Shirley Morgan, president of the Hot Springs County Memorial Hospital auxiliary, describes her service to the auxiliary as a “circle of life”, volunteerism supports the hospital staff, which in turn helps members of this community.

However, volunteerism at the hospital auxiliary has been declining so much that Morgan has trouble staffing the hospital gift shop. The auxiliary has about 32 members, but as Morgan says, “Most of us are older,” and participation includes baking sweets for the monthly bake sale and not much else. “If we don’t have the doors [to the gift shop] open, we can’t sell,” she said. “It’s in the emergency stage.”

Morgan continued, “If we don’t make money, we don’t have money to give away.” In a small community like Thermopolis, and a small hospital like HSCMH, money raised by the auxiliary goes a long way.

The group, with little funding other than the gift shop and bake sales, has managed to use a formerly empty space in the hospital to build and furnish a family meeting room, featuring a television, DVDs, an Xbox, books and comfortable couches and chairs for family members of patients to decompress and shed some of the stress that accompanies the illness of a loved one. The room is also used as a small meeting room in which doctors can talk to the family of a patient without the patient present.

The family room was such a success that the Wyoming Hospital Association awarded HSCMH the 2010 Outstanding Auxiliary Award.
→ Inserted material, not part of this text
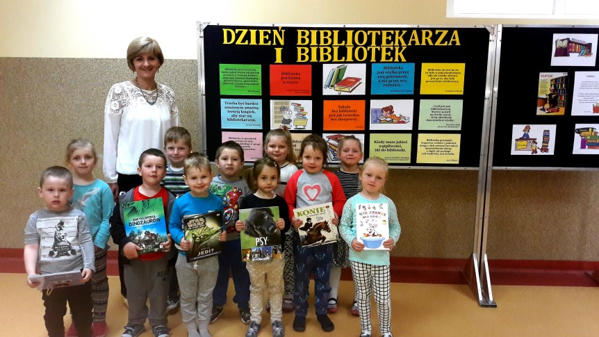 Z okazji Dnia Bibliotekarza i Bibliotek życzymy poczucia spełnienia w pracy, ciekawych pomysłów i energii w krzewieniu kultury oraz coraz większej rzeszy czytelników odwiedzających bibliotekę”. W podziękowaniu Pani Marzena przeczytała przedszkolakom kilka znanych wyliczanek oraz wypożyczyła książki, które wzbudziły ich zainteresowanie.

The plaque hangs proudly on the wall outside the humble gift shop that afforded the funds necessary to build the room.

On the other end of the hospital, the auxiliary has completed another makeover; this time an ambulatory room that is similar in appearance, although larger, than the family room. The auxiliary paid for a number of chairs to be reupholstered, and has included a television and various other amenities into this room as well.

“Unless you volunteer, you can’t understand the benefits,” Morgan said. “It’s very rewarding.”

It is not only rewarding for the volunteers themselves and the families of patients in the hospitals, but also the staff itself. One program of which Morgan is particularly proud helps pay for community members to return to school to become registered nurses. The nurses will then work for HSCMH, completing the “circle of life” Morgan believes is so crucial.

If you would like to become a volunteer at the hospital auxiliary, make sure to stop by the group’s monthly meetings. Times and locations are featured monthly in the Community Calendar in the IR. No experience is required to become a volunteer.